→ **Your instructions**
Although the data below contains pictures, output only the lines between those holding "Red Wool Tweed Short Sleeve Sweater Pullover" and "2個セット USBハブ 8in1", inclusive, exactly and without those pictures.

→ **Provided records**
▽

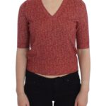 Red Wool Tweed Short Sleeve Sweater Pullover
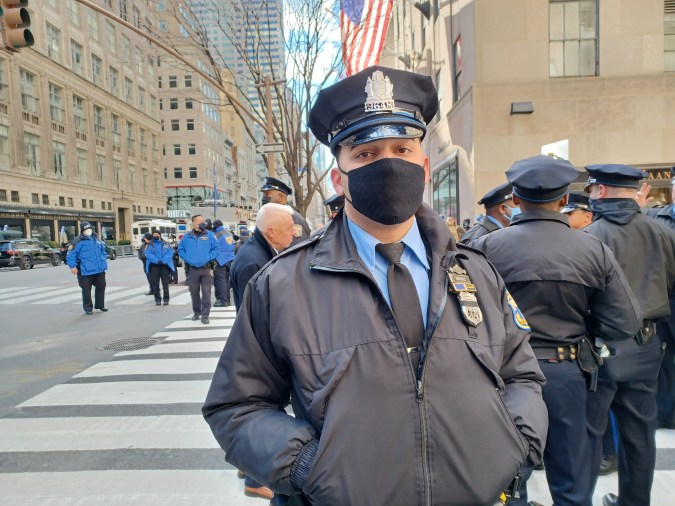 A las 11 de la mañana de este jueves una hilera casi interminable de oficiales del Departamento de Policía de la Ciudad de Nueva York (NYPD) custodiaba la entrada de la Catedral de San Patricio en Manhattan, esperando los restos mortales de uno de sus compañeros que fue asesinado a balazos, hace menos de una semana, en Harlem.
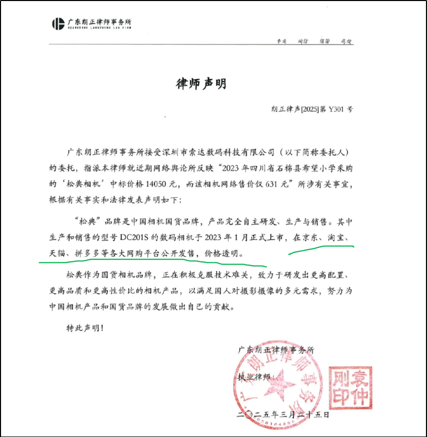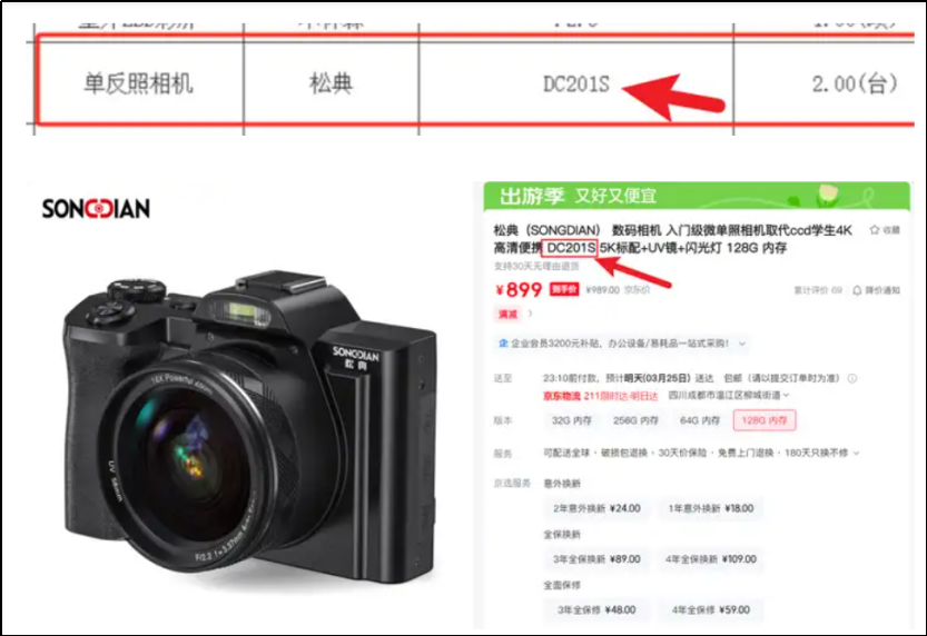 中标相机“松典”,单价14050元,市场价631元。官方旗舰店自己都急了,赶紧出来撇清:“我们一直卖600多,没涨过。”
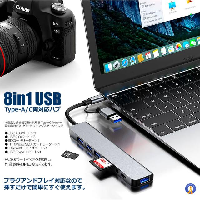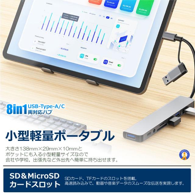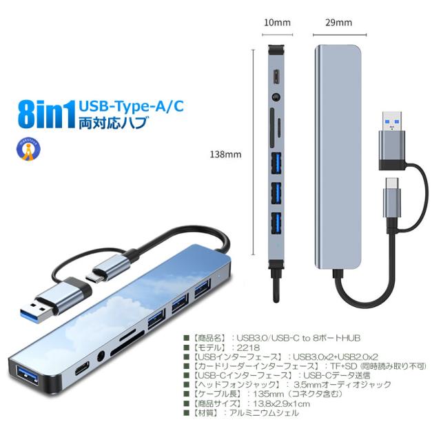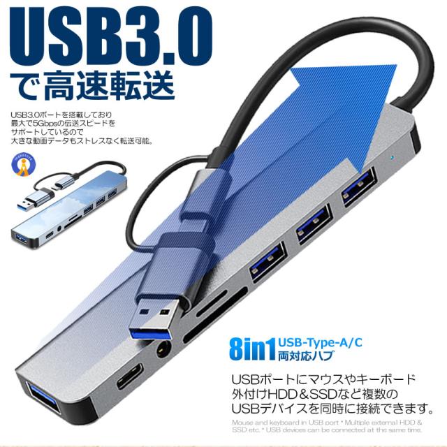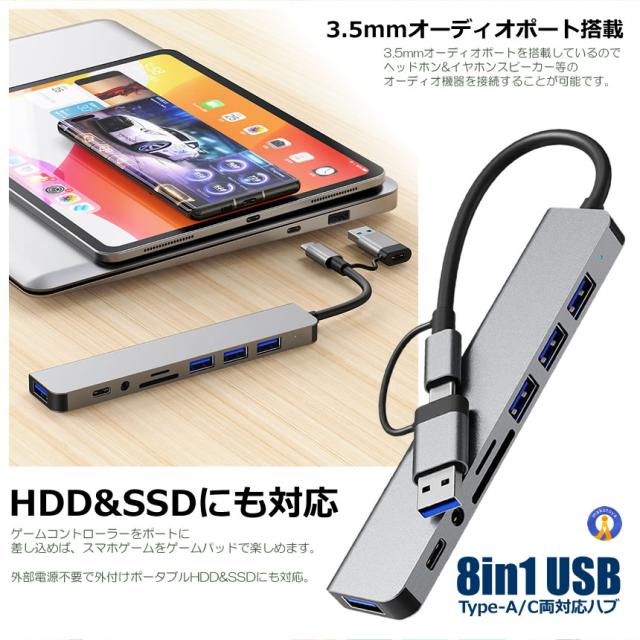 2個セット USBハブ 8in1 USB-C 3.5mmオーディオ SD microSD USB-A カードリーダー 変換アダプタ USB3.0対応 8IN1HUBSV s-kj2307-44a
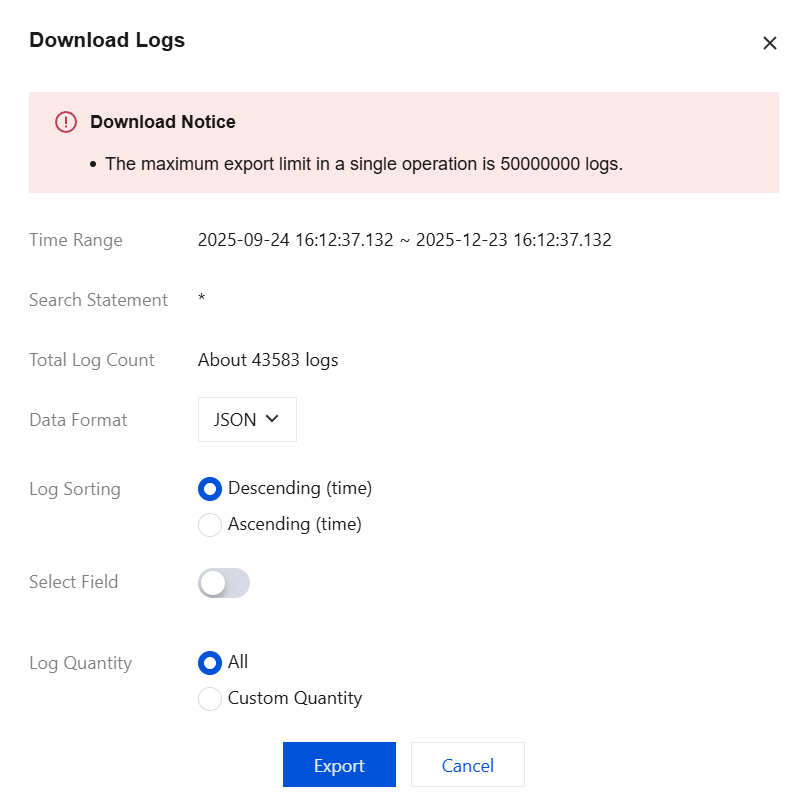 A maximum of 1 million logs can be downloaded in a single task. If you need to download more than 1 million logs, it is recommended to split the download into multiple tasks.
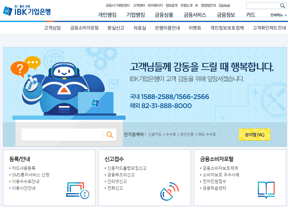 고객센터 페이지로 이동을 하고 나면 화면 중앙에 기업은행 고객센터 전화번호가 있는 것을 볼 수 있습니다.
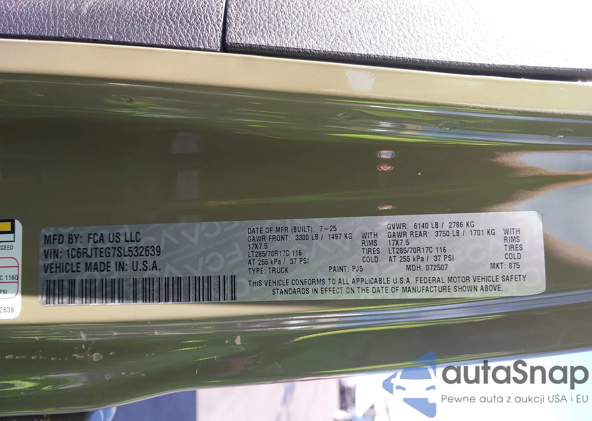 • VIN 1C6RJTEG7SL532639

△
▽

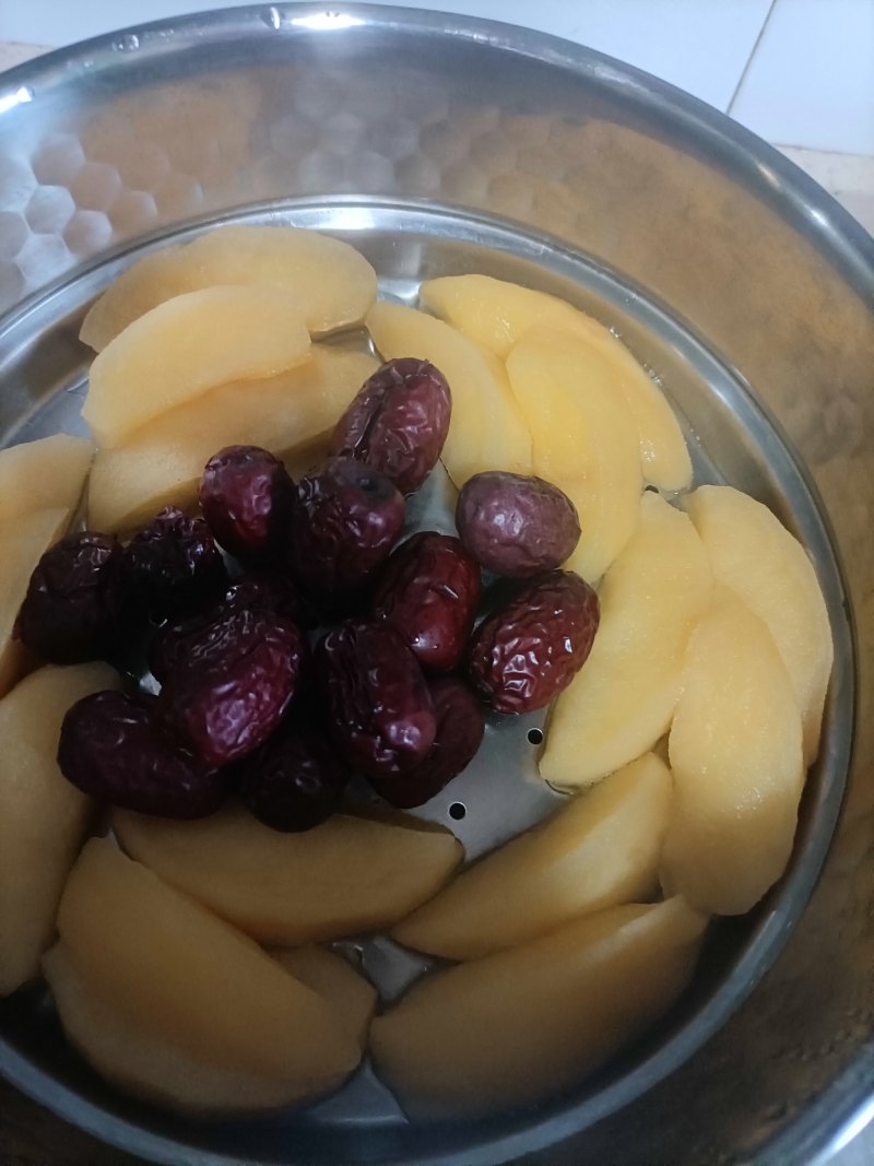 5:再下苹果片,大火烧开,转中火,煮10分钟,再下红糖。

△

→ **Problem solution**
 Red Wool Tweed Short Sleeve Sweater Pullover
 A las 11 de la mañana de este jueves una hilera casi interminable de oficiales del Departamento de Policía de la Ciudad de Nueva York (NYPD) custodiaba la entrada de la Catedral de San Patricio en Manhattan, esperando los restos mortales de uno de sus compañeros que fue asesinado a balazos, hace menos de una semana, en Harlem.
 中标相机“松典”,单价14050元,市场价631元。官方旗舰店自己都急了,赶紧出来撇清:“我们一直卖600多,没涨过。”
 2個セット USBハブ 8in1 USB-C 3.5mmオーディオ SD microSD USB-A カードリーダー 変換アダプタ USB3.0対応 8IN1HUBSV s-kj2307-44a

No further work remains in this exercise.